Architecture & Design

Architecture and design decisions for the Likeness Search system

Architecture Overview

The Likeness Search system follows a layered architecture optimized for Vercel's serverless environment:

┌─────────────────────────────────────────────┐
│   API Layer (Next.js Route Handlers)        │
│   apps/zooly-app/app/api/indexing/          │
└─────────────────────────────────────────────┘

┌─────────────────────────────────────────────┐
│   Likeness Search Package                    │
│   @zooly/likeness-search                     │
│   packages/likeness-search/src/          │
└─────────────────────────────────────────────┘

┌─────────────────────────────────────────────┐
│   Utility Packages                           │
│   @zooly/util-elevenlabs, @zooly/util-srv   │
│   @zooly/social-scraper                      │
└─────────────────────────────────────────────┘

┌─────────────────────────────────────────────┐
│   Database Access Layer                      │
│   packages/db/src/access/                │
└─────────────────────────────────────────────┘

┌─────────────────────────────────────────────┐
│   Database Schema (Drizzle ORM)              │
│   packages/db/src/schema/               │
└─────────────────────────────────────────────┘

System Components

1. Database Schema Layer

Location: packages/db/src/schema/

Six core tables support the search system:

  • likeness_assets - Stores uploaded images and voice samples with AI-extracted tags
  • likeness_search - SQL search index with 30+ enum fields for exact filtering
  • likeness_search_vector - pgvector embeddings for semantic similarity search
  • likeness_need_indexing_queue - Event queue driving the indexing pipeline
  • account_social_links - Social media links and platform-specific follower counts
  • scrapes - Social media scraping results and retry tracking

See Database Schema for complete table definitions.

2. Database Access Layer

Location: packages/db/src/access/

Provides type-safe access functions following the project's access pattern:

  • Queue Management: likenessNeedIndexingQueue.ts - Event CRUD and status management
  • Asset Management: likenessAssets.ts - Asset CRUD and tag updates
  • Search Index: likenessSearch.ts - SQL search index upserts and queries
  • Vector Search: likenessSearchVector.ts - Vector embedding operations
  • Requirements: baseRequirementsChecker.ts - Base requirements validation
  • Sufficiency: dataSufficiencyChecker.ts - Data sufficiency evaluation
  • Social Links: accountSocialLinks.ts - Social link management
  • Scrapes: scrapes.ts - Scraping result storage

Key Principle: Tables are never exposed directly. All database access goes through access functions, ensuring consistent filtering, type safety, and data integrity.

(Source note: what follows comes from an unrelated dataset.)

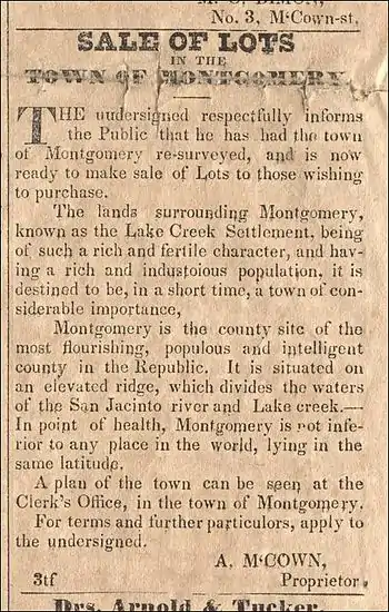 Advertisement for the sale of lots in the Town of Montgomery, Texas, Telegraph and Texas Register newspaper, July 8, 1837, published in Houston, Texas.

3. Likeness Search Package

Location: packages/likeness-search/src/
Package: @zooly/likeness-search

A dedicated package containing core business logic organized by responsibility:

Indexing Pipeline

  • indexingDaemon.ts - Main daemon loop that processes the queue
  • processEvent.ts - Processes individual queue events
  • upsertToIndex.ts - Upserts account data to SQL and vector indexes
  • aggregateAccountTags.ts - Aggregates tags from multiple sources

Data Collection

  • generateTagsFromImage.ts - AI image tag extraction (Gemini vision)
  • generateTagsFromVoice.ts - AI voice tag extraction (Gemini audio)
  • generateVoiceSampleText.ts - AI demo script generation
  • triggerSubProcess.ts - Fire-and-forget API triggers

Search Functions

  • searchLikeness.ts - Main search function (SQL with vector fallback)
  • vectorFallbackSearch.ts - Vector similarity search
  • formatSearchResults.ts - Result enrichment and formatting

Utilities

  • apiRetryHandler.ts - Error classification and retry logic
  • validateAudioUrl.ts - Audio URL validation
  • schemas/likenessTagsSchema.ts - Zod schemas for tag validation

4. Utility Packages

The system leverages shared utility packages:

@zooly/util-elevenlabs

Location: packages/util-elevenlabs/src/

  • createVoiceSample.ts - Complete voice sample creation workflow (ElevenLabs voice clone + TTS generation)
  • voice-management.ts - Voice management functions (create, update, delete, list)
  • elevenlabs-service.ts - Low-level ElevenLabs API operations

@zooly/util-srv

Location: packages/util-srv/src/

  • generateEmbedding.ts - OpenAI embedding generation for vector search
  • S3 operations - File storage utilities

@zooly/social-scraper

Location: packages/social-scraper/src/

A dedicated package for social media scraping operations:

  • processSocialScraping.ts - Main orchestration function that scrapes all social links for an account
  • parseSocialUrl.ts - URL normalization and platform detection
  • scrapers/ - Platform-specific scraper functions:
    • instagram.ts - Instagram profile scraping
    • tiktok.ts - TikTok profile scraping
    • twitter.ts - Twitter/X profile scraping
    • youtube.ts - YouTube channel scraping
    • linkedin.ts - LinkedIn profile scraping
    • index.ts - Scraper registry (platform → function mapping)
  • types.ts - Type definitions for scraping results

Purpose: Collects follower counts, profile images, and metadata from social media platforms to enhance search indexing and populate missing account data.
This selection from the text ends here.